Re: Experimental basis for the Non-Beneficial Gap Problem
- From: Seanpit <seanpit@xxxxxxxxx>
- Date: Thu, 10 Jul 2008 13:24:14 -0700 (PDT)
On Jul 9, 11:51 am, hersheyh <hershe...@xxxxxxxxx> wrote:
On Jul 9, 7:47 am, Seanpit <sean...@xxxxxxxxx> wrote:
On Jul 8, 4:53 pm, Rupert Morrish <rup...@xxxxxxxxxxx> wrote:
[snip]
And, what that means is that the average number of
mutations needed to cross the gap increases exponentially.

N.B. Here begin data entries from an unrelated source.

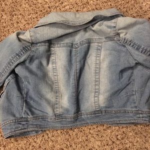 Denim jacket longer in front and goes shorter in the back great condition loved this jacket but no longer fits ! Bundle and save on 3+ items !
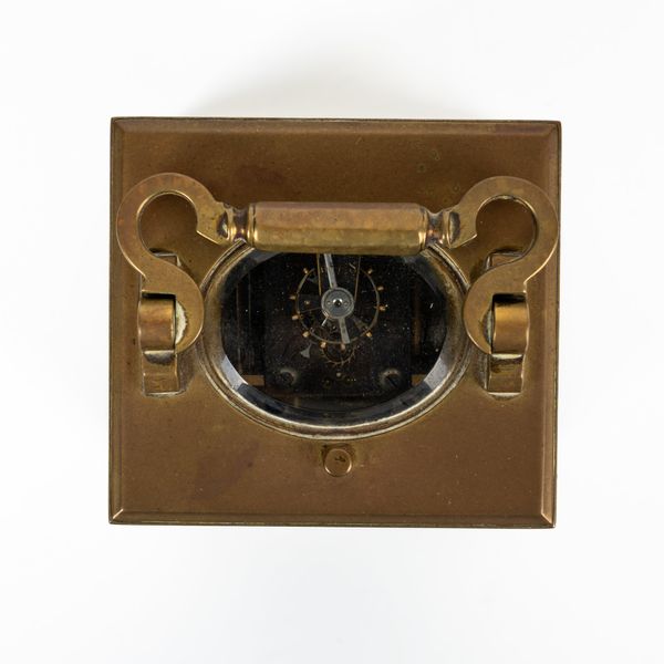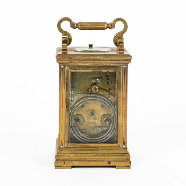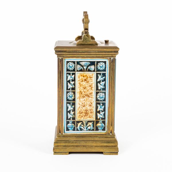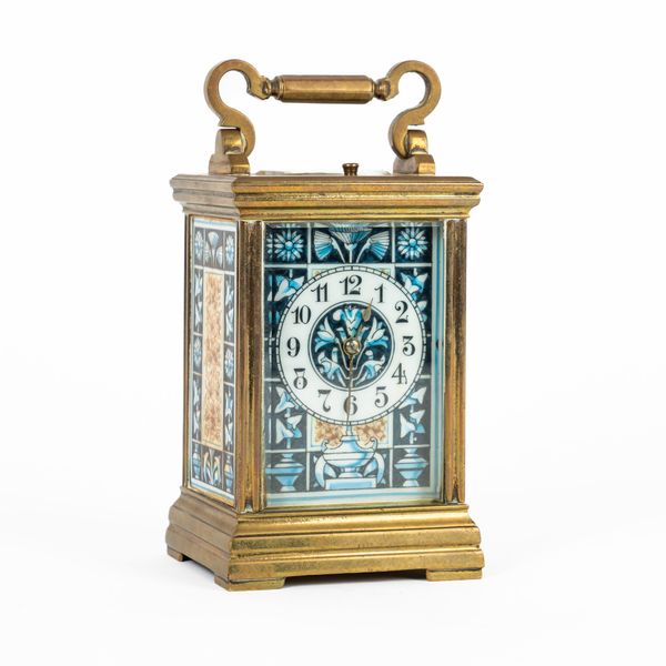 With scrolled handle above an oval top glass, the sides and dial painted with reserves of flower heads and with a central rectangular field of flower heads, the twin train movement with original silvered platform lever escapement and push/repeat on a blued steel gong, the backplate stamped GL in an oval
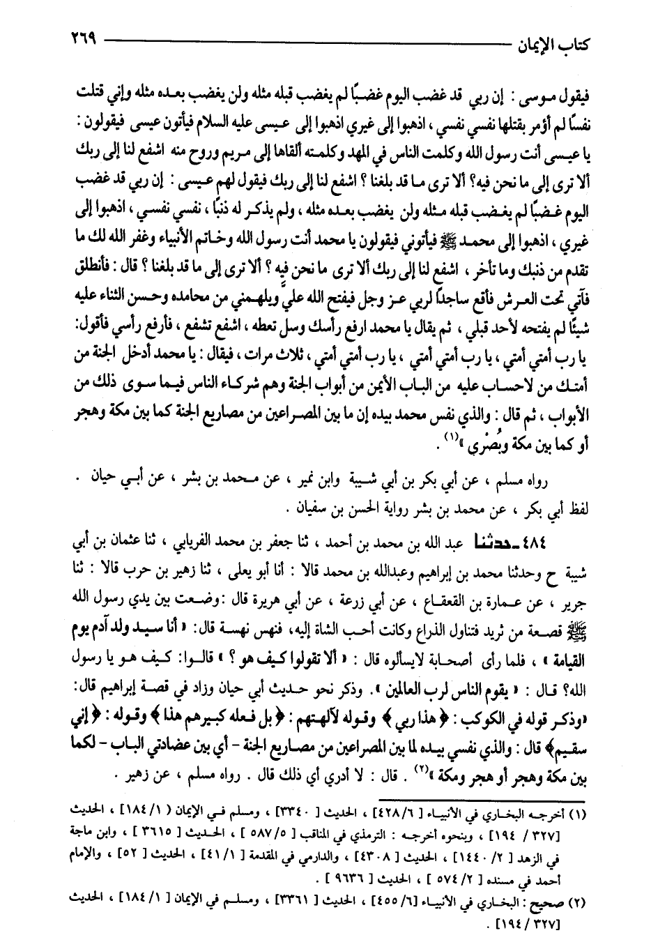 فَيَقُولُ مُوسَى إِنَّ رَبِّي قَدْ غَضِبَ الْيَوْمَ غَضَبًا لَمْ يَغْضَبْ قَبْلَهُ مِثْلَهُ وَلَنْ يَغْضَبَ بَعْدَهُ مِثْلَهُ وَإِنِّي قَتَلْتُ نَفْسًا لَمْ أُؤْمَرْ بِقَتْلِهَا نَفْسِي نَفْسِي اذْهَبُوا إِلَى غَيْرِي اذْهَبُوا إِلَى عِيسَى عَلَيْهِ السَّلامُ فَيَأْتُونَ عِيسَى فَيَقُولُونَ يَا عِيسَى أَنْتَ رَسُولُ اللَّهِ وَكَلَّمْتَ النَّاسَ فِي الْمَهْدِ وَكَلِمَتُهُ أَلْقَاهَا إِلَى مَرْيَمَ وَرَوْحٌ مِنْهُ اشْفَعْ لَنَا إِلَى رَبِّكَ أَلا تَرَى إِلَى مَا نَحْنُ فِيهِ أَلا تَرَى مَا قَدْ بَلَغَنَا اشْفَعْ لَنَا إِلَى رَبِّكَ فَيَقُولُ لَهُمْ عِيسَى إِنَّ رَبِّي قَدْ غَضِبَ الْيَوْمَ غَضَبًا لَمْ يَغْضَبْ قَبْلَهُ مِثْلَهُ وَلَنْ يَغْضَبَ بَعْدَهُ مِثْلَهُ وَلَمْ يَذْكُرْ لَهُ ذَنْبًا نَفْسِي نَفْسِي اذْهَبُوا إِلَى غَيْرِي اذْهَبُوا إِلَى مُحَمَّدٍ صَلَّى اللَّهُ عَلَيْهِ وَسَلَّمَ فَيَأْتُونِي فَيَقُولُونَ يَا مُحَمَّدُ أَنْتَ رَسُولُ اللَّهِ وَخَاتَمُ الأَنْبِيَاءِ وَغَفَرَ اللَّهُ لَكَ مَا تَقَدَّمَ مِنْ ذَنْبِكَ وَمَا تَأَخَّرَ اشْفَعْ لَنَا إِلَى رَبِّكَ أَلا تَرَى مَا نَحْنُ فِيهِ أَلا تَرَى إِلَى مَا قَدْ بَلَغَنَا قَالَ فَأَنْطَلِقُ فَآتِي تَحْتَ الْعَرْشِ فَأَقَعُ سَاجِدًا لِرَبِّي عَزَّ وَجَلَّ فَيَفْتَحُ اللَّهُ عَلَيَّ وَيُلْهِمُنِي مِنْ مَحَامِدِهِ وَحُسْنِ الثَّنَاءِ عَلَيْهِ شَيْئًا لَمْ يَفْتَحْهُ لأَحَدٍ قَبْلِي ثُمَّ يُقَالُ يَا مُحَمَّدُ ارْفَعْ رَأْسَكَ وَسَلْ تُعْطَهُ اشْفَعْ تُشَفَّعْ فَأَرْفَعُ رَأْسِي فَأَقُولُ يَا رَبِّ أُمَّتِي أُمَّتِي يَا رَبِّ أُمَّتِي أُمَّتِي يَا رَبِّ أُمَّتِي أُمَّتِي ثَلاثَ مَرَّاتٍ فَيُقَالُ يَا مُحَمَّدُ أَدْخِلِ الْجَنَّةَ مِنْ أُمَّتِكَ مَنْ لَا حِسَابَ عَلَيْهِ مِنَ الْبَابِ الأَيْمَنِ مِنْ أَبْوَابِ الْجَنَّةِ وَهُمْ شُرَكَاءُ النَّاسِ فِيمَا سِوَى ذَلِكَ مِنَ الأَبْوَابِ ثُمَّ قَالَ وَالَّذِي نَفْسُ مُحَمَّدٍ بِيَدِهِ إِنَّ مَا بَيْنَ الْمِصْرَاعَيْنِ مِنْ مَصَارِيعِ الْجَنَّةِ كَمَا بَيْنَ مَكَّةَ وَهَجَرٍ أَوْ كَمَا بَيْنَ مَكَّةَ وَبُصْرَى)
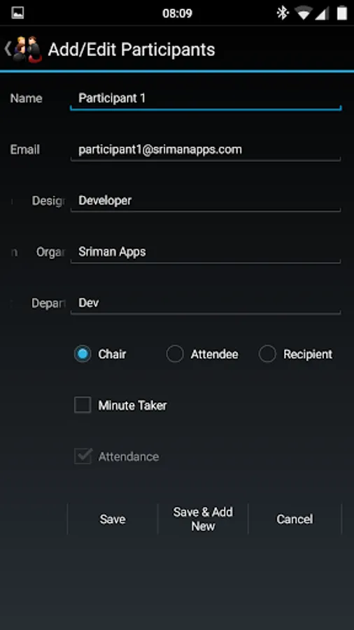 10) Integration with device contacts. No need to enter all participant information manually anymore. Can just select the desired contact that is already present on the device.
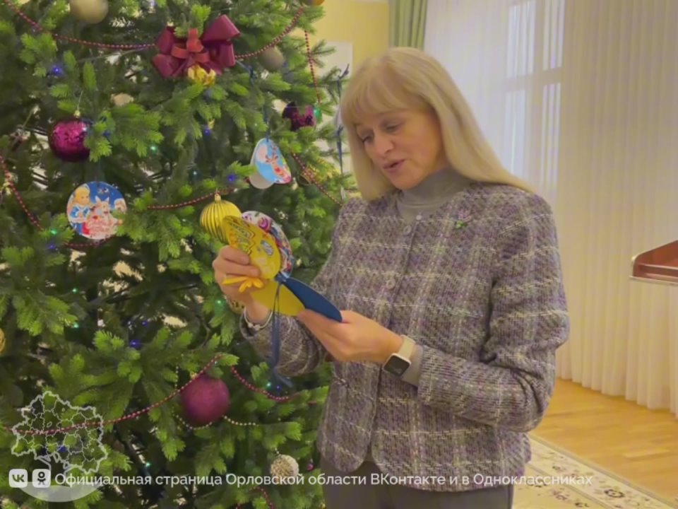 Руководитель Департамента госимущества и земельных отношений Орловской области Ольга Платонова сняла с елки шарики с желаниями юных орловцев Кристины и Степана.
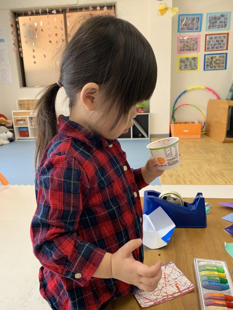 ビー玉に色をつけるため、赤・青・黄色と言いながら、容器の中でビー玉を転がしています。
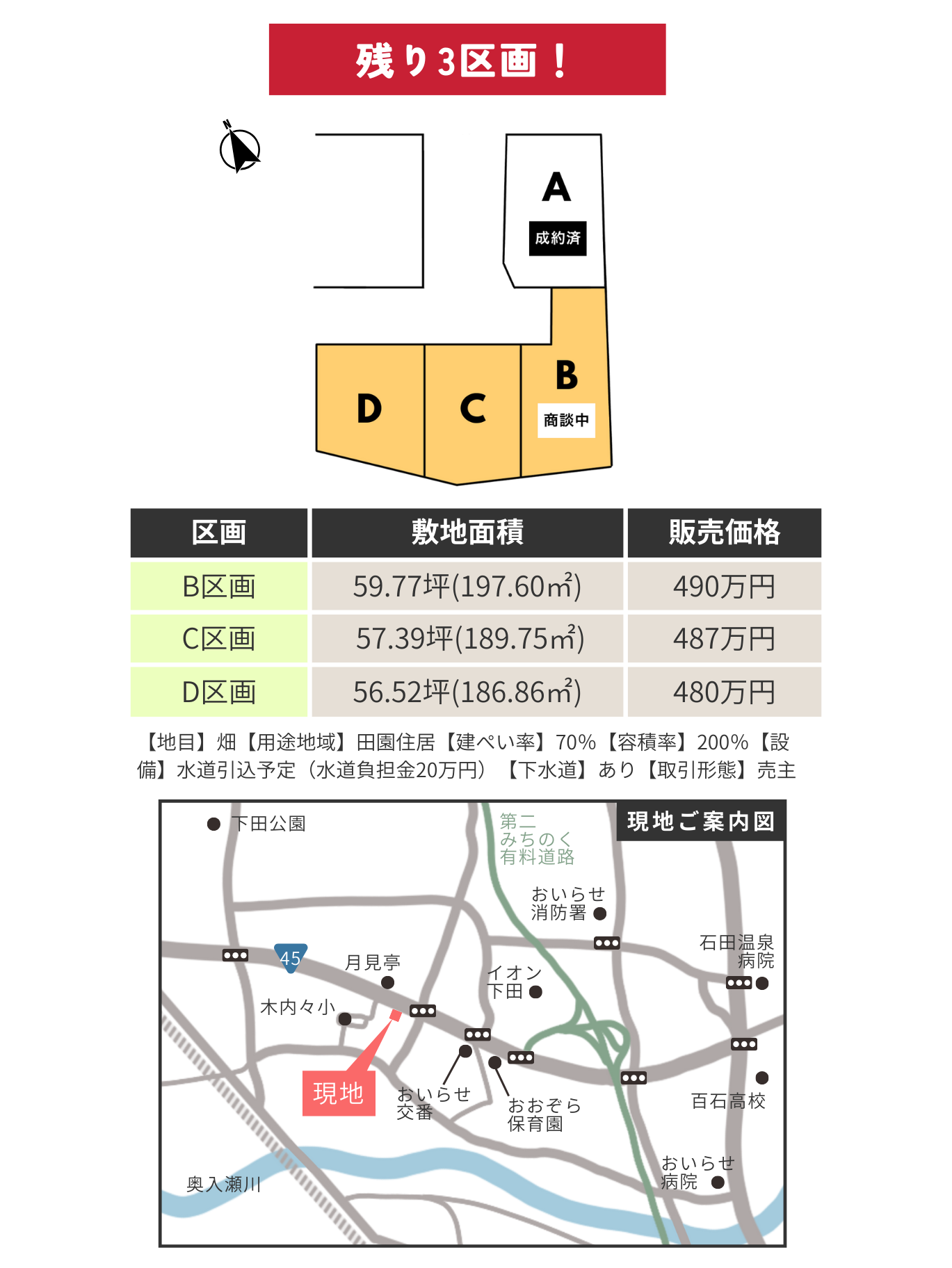 45号線沿いで八戸・三沢・十和田へ通いやすい立地です。
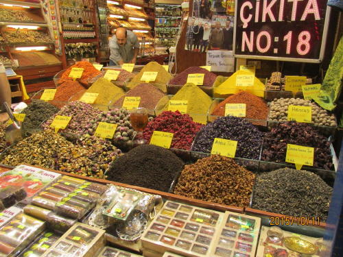 エジプシャンバザールは小さなバザールです。昔はスパイスバザールと呼ばれた様で今でもスパイスを扱う店が多くあります。土産物の様に箱入りが少なく、量り売り、バラ売りが目立ちます。観光客だけでなく地元の人も買い物に来ています。バザールとはモスクの脇にある商店街で利益をモスクに還元してモスクが成り立っているそうです。日本も浅草寺の仲見世の様に昔から寺の門前市があります。
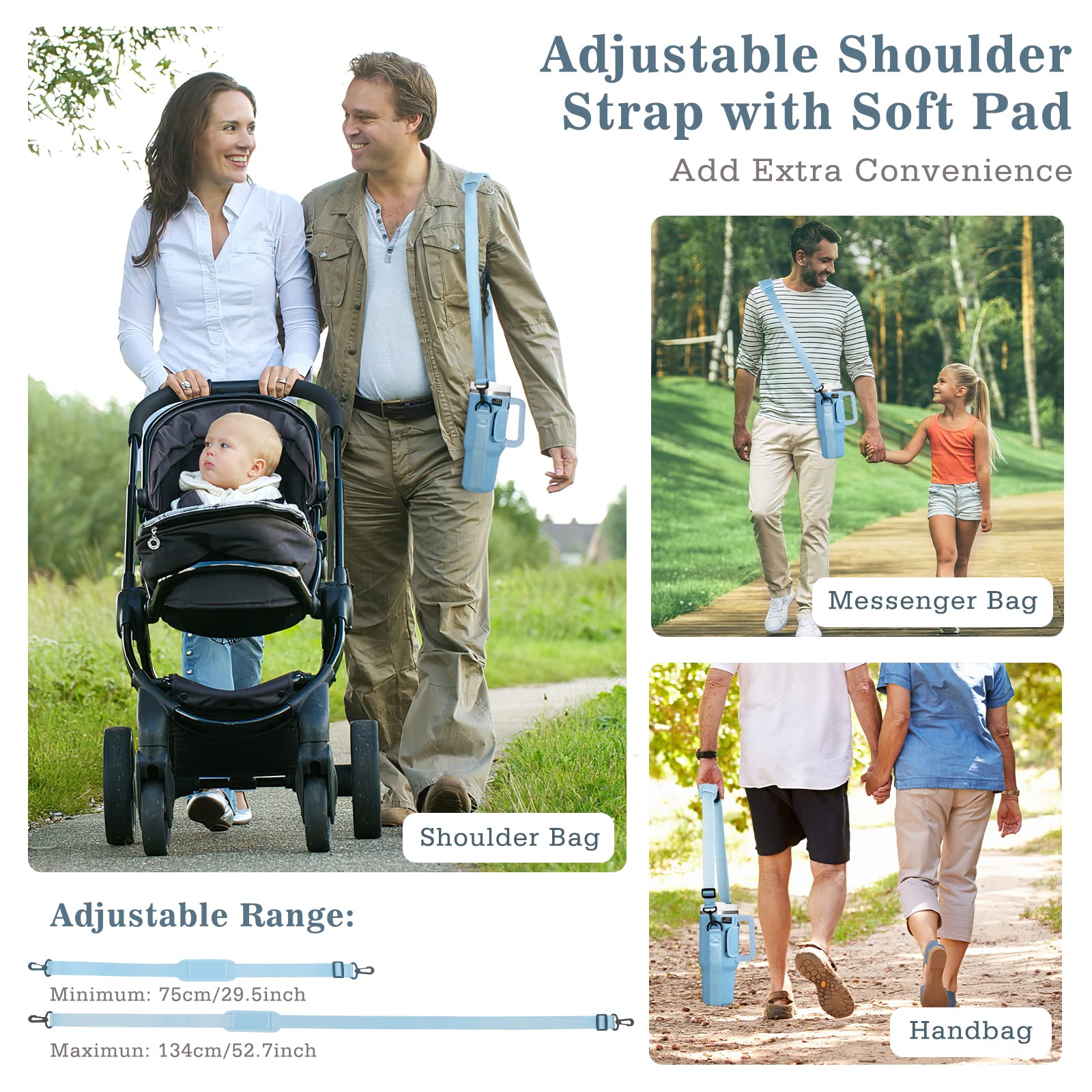 Nuovoware Water Bottle Carrier Bag Fits Stanley 40 Oz Tumbler with Handle, Water Bottle Bag with Adjustable Shoulder Strap, Neoprene Bottle Holder for Stanley Water Bottle Accessories, Blue Sea Foam
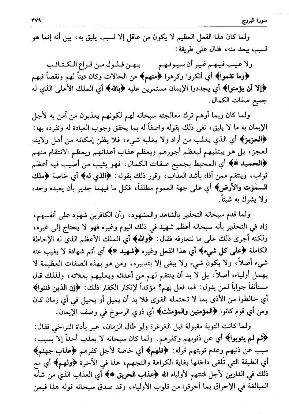 ولما قدم سبحانه التحذير بالشاهد والمشهود ، وأن الكافرين شهود على أنفسهم ، زاد في التحذير بأنه سبحانه أعظم شهيد في ذلك اليوم وغيره فهو لا يحتاج إلى غيره ، ولكنه أجرى ذلك على ما نتعارفه فقال : ( والله ) أي الملك الأعظم الي له الإحاطة الكاملة ) على كل شيء ) أي هذا الفعل وغيره ) شهيد ) أي أتم شهادة لا يغيب عنه شيء أصلاً ، ولا يكون شيء ولا يبقى إلا بتدبيره ، ومن هو بهذه الصفات العظيمة لا يهمل أولياءه أصلاً ، بل لا بد ان ينتقم لهم من أعدائه ويعليهم بعلائه ، ولذلك قال مستأنفاً جواباً لمن يقول : فما فعل بهم ؟ مؤكداً لإنكار الكفار ذلك : ( إن الذين فتنوا ) أي خالطوا من الأذى بما لا تحتمله القوى فلا بد أن يميل أو يحيل في أي زمان كان ومن أي قوم كانوا ) المؤمنين والمؤمنات ) أي ذوي الرسوخ في وصف الإيمان .
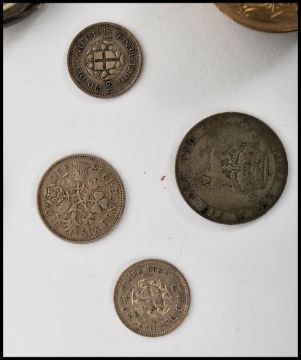A continental silver 800 pocket watch along with a gold tone metal sovereign holder a Victorian 1887 coin bar brooch, and various other coins and coin necklaces.
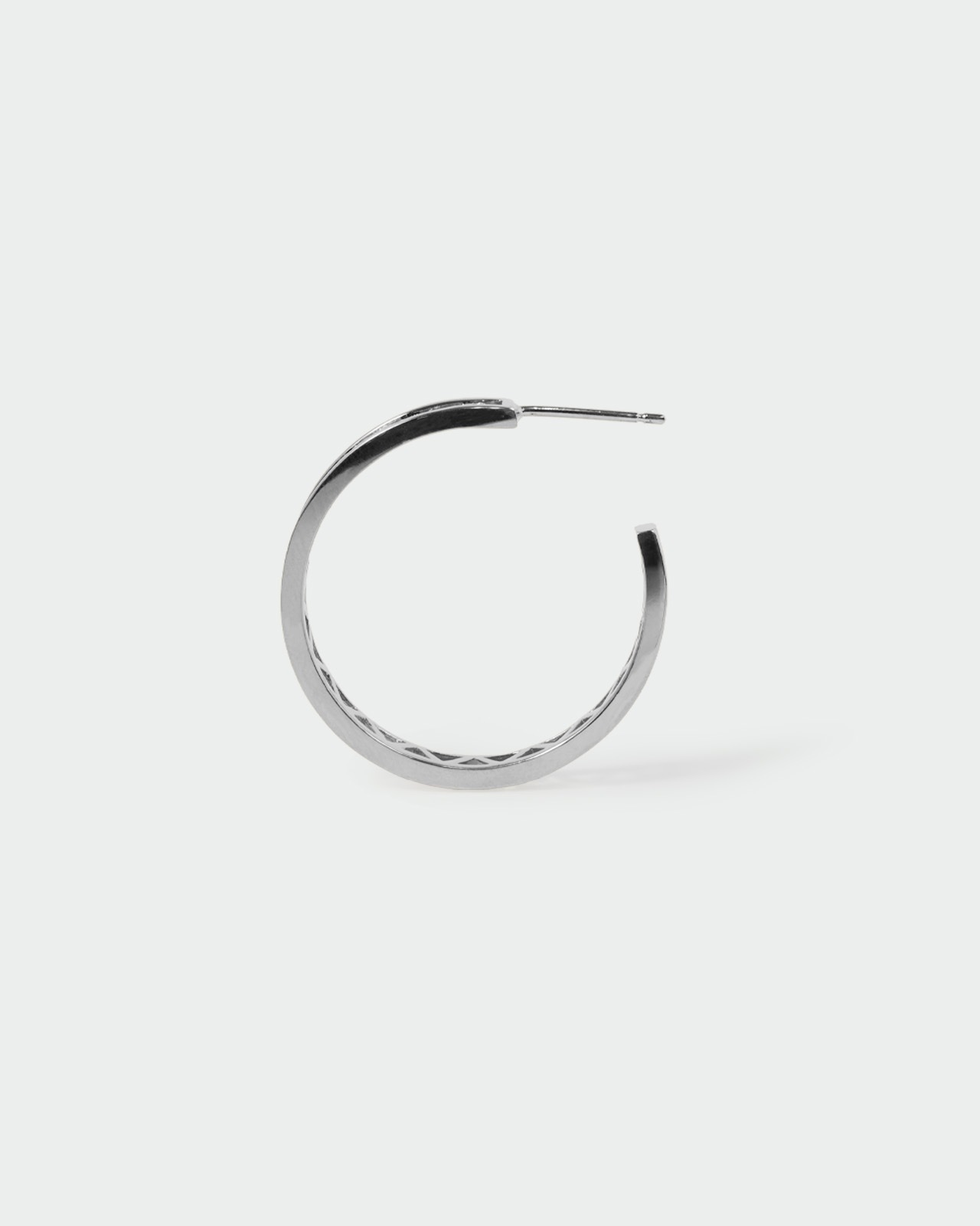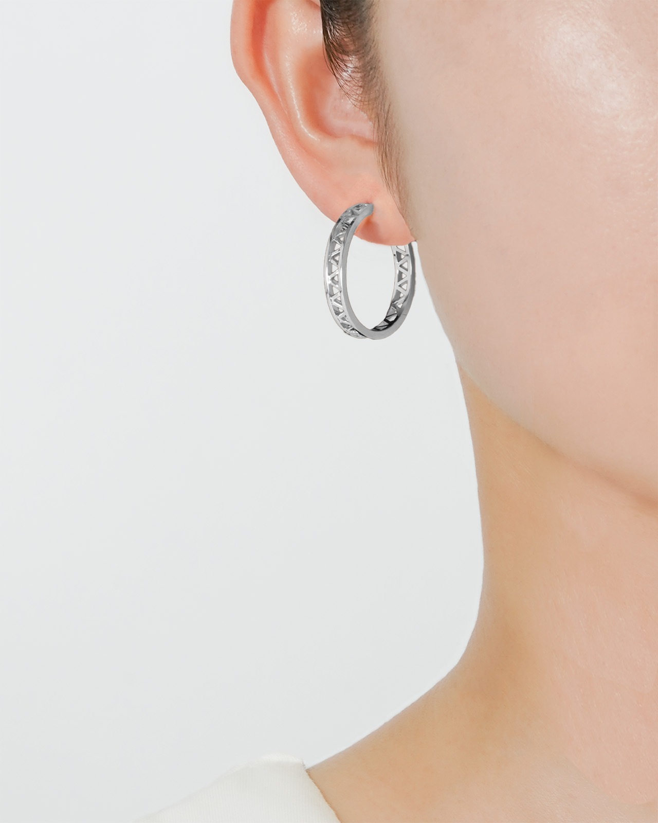 シンプルながらもグラフィカルな透かし模様が際立つ、洗練された佇まいのビッグフープピアス。顔まわりの程よいアクセントとなり、装いにこなれ感をプラスしてくれます。凛とした美しさと知性を感じさせるデザインは、日常から特別なシーンまで、あらゆるスタイルに品よく寄り添います。 店頭在庫については、MISTY各店舗にお問い合わせください。

And where, exactly, have you actually calculated an "average" anything
from actual data? To do that, you would first have to show, in
systems that *did* evolve, that there was some sort of correlation
between the size of the end product and the number of mutational steps
from functionally useful precursors. You have never shown such a
correlation from actual data from actual systems that have evolved.
You have merely *assumed* without evidence that there is such a
correlation.
You don't have it quite right. All the systems that have been
observed to evolve have had a structural threshold minimum of no more
than a few hundred fairly specified residues. The vast majority of
these real examples of evolution in action have crossed gaps of only
one or two residue differences. This true regardless of if the
minimum structural requirements were 40aa or 400aa. So, according to
your argument you would say that there is no correlation between the
size of the minimum gap distance and the structural threshold
requirement. That's where you're quite mistaken.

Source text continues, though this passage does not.